━━━━━ GIVEN INFORMATION
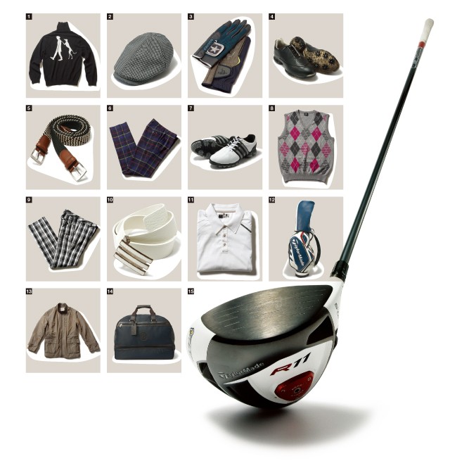 1 캐시미어 니트 80만원대 아다바트 제품. 2 헌팅캡 7만5천원 헤지스 골프 제품. 3 장갑 가격미정 보그너 골프, 장갑 가격미정 헤지스 골프 제품. 4 기능이 남다른 골프화 49만원 아디다스 포르쉐 디자인 제품. 5 두 가지 색상의 위빙 벨트 가격미정 닥스 골프 제품. 6 연보라색 체크 팬츠 가격미정 보그너 골프 제품. 7 골프화 29만8천원 아디다스 골프 제품. 8 아가일 체크 베스트 가격미정 보그너 제품. 9 체크 팬츠 20만원대 헤지스 골프 제품. 10 흰색 벨트 9만8천원 아디다스 골프 제품. 11 흰색 골프 셔츠 17만원 아디다스 포르쉐 디자인 제품. 12 캐디 백 39만원 테일러메이드 제품. 13 내구성이 뛰어난 윈드브레이커 49만5천원 아다바트 제품. 14 남색 보스턴백 가격미정 보그너 골프 제품. 15 드라이버 71만원 테일러메이드 제품.
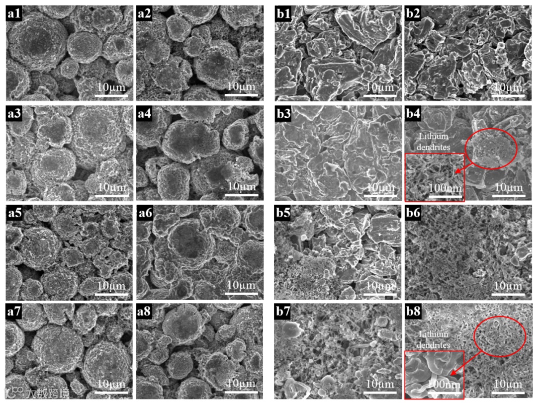 图1 G1组阴极和阳极的SEM图像。(a) 不同循环圈数下阴极SEM图像,编号1-8分别对应于拆解顺序;(b) 不同循环圈数下阳极SEM图像,编号1-8分别对应于拆解顺序。
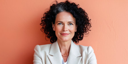 Close up of a confident middle aged woman with a peach copyspace background
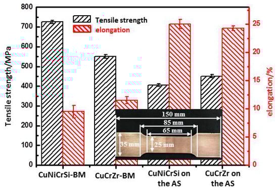 Copper alloys are widely used in industries for its high electrical conductivities. However, the strength of conventional copper alloys is usually limited in contrast with its high electrical conductivity []. CuCrZr and CuNiCrSi are excellent and unique copper alloys, which possess a desirable combination of high strength and good electrical conductivities after solution treatment and aging process. The ultimate tensile strength (UTS) and electrical conductivity of CuCrZr alloy can reach to more than 530 MPa and 80% IACS []. In comparison, the CuNiCrSi alloy shows a higher ultimate tensile strength of 600–800 MPa but a lower electrical conductivity of about 45% IACS due to different additions []. The dissimilar joints of CuCrZr and CuNiCrSi alloy with good balance of strength and electrical conductivity can be widely applied to many industries, such as large generator rotor and international thermo nuclear experiment reactor (ITER) components [,].
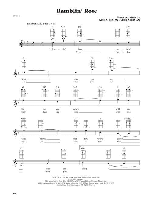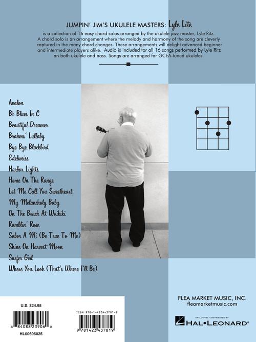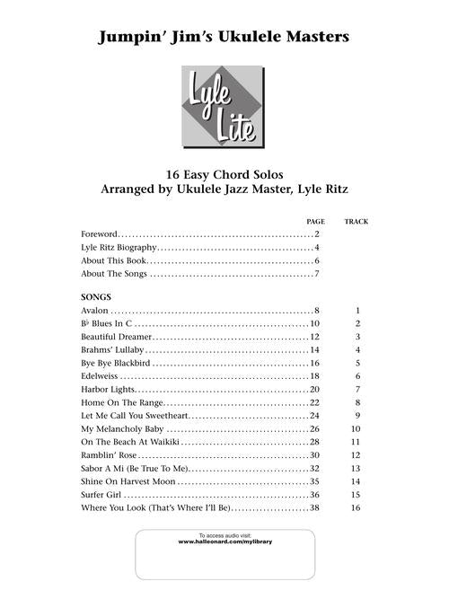 16 easy chord solos (both melody and harmony captured in the chord changes) arranged for GCEA-tuned ukuleles by jazz master Lyle Ritz. His arrangements will delight advanced beginners and intermediate players alike. The audio features all the songs performed by Lyle on both ukulele and bass. Includes: Beautiful Dreamer · Edelweiss · Let Me Call You Sweetheart · Ramblin' Rose · Surfer Girl · and more! The audio is accessed online using the unique code found in each book.
━━━━━━━━━━
ABOUT THIS TASK
Repeat, exactly and in full, each line from the start of the data to the line that contains "Close up of". Pictures do not go in.

RESPONSE
 1 캐시미어 니트 80만원대 아다바트 제품. 2 헌팅캡 7만5천원 헤지스 골프 제품. 3 장갑 가격미정 보그너 골프, 장갑 가격미정 헤지스 골프 제품. 4 기능이 남다른 골프화 49만원 아디다스 포르쉐 디자인 제품. 5 두 가지 색상의 위빙 벨트 가격미정 닥스 골프 제품. 6 연보라색 체크 팬츠 가격미정 보그너 골프 제품. 7 골프화 29만8천원 아디다스 골프 제품. 8 아가일 체크 베스트 가격미정 보그너 제품. 9 체크 팬츠 20만원대 헤지스 골프 제품. 10 흰색 벨트 9만8천원 아디다스 골프 제품. 11 흰색 골프 셔츠 17만원 아디다스 포르쉐 디자인 제품. 12 캐디 백 39만원 테일러메이드 제품. 13 내구성이 뛰어난 윈드브레이커 49만5천원 아다바트 제품. 14 남색 보스턴백 가격미정 보그너 골프 제품. 15 드라이버 71만원 테일러메이드 제품.
 图1 G1组阴极和阳极的SEM图像。(a) 不同循环圈数下阴极SEM图像,编号1-8分别对应于拆解顺序;(b) 不同循环圈数下阳极SEM图像,编号1-8分别对应于拆解顺序。
 Close up of a confident middle aged woman with a peach copyspace background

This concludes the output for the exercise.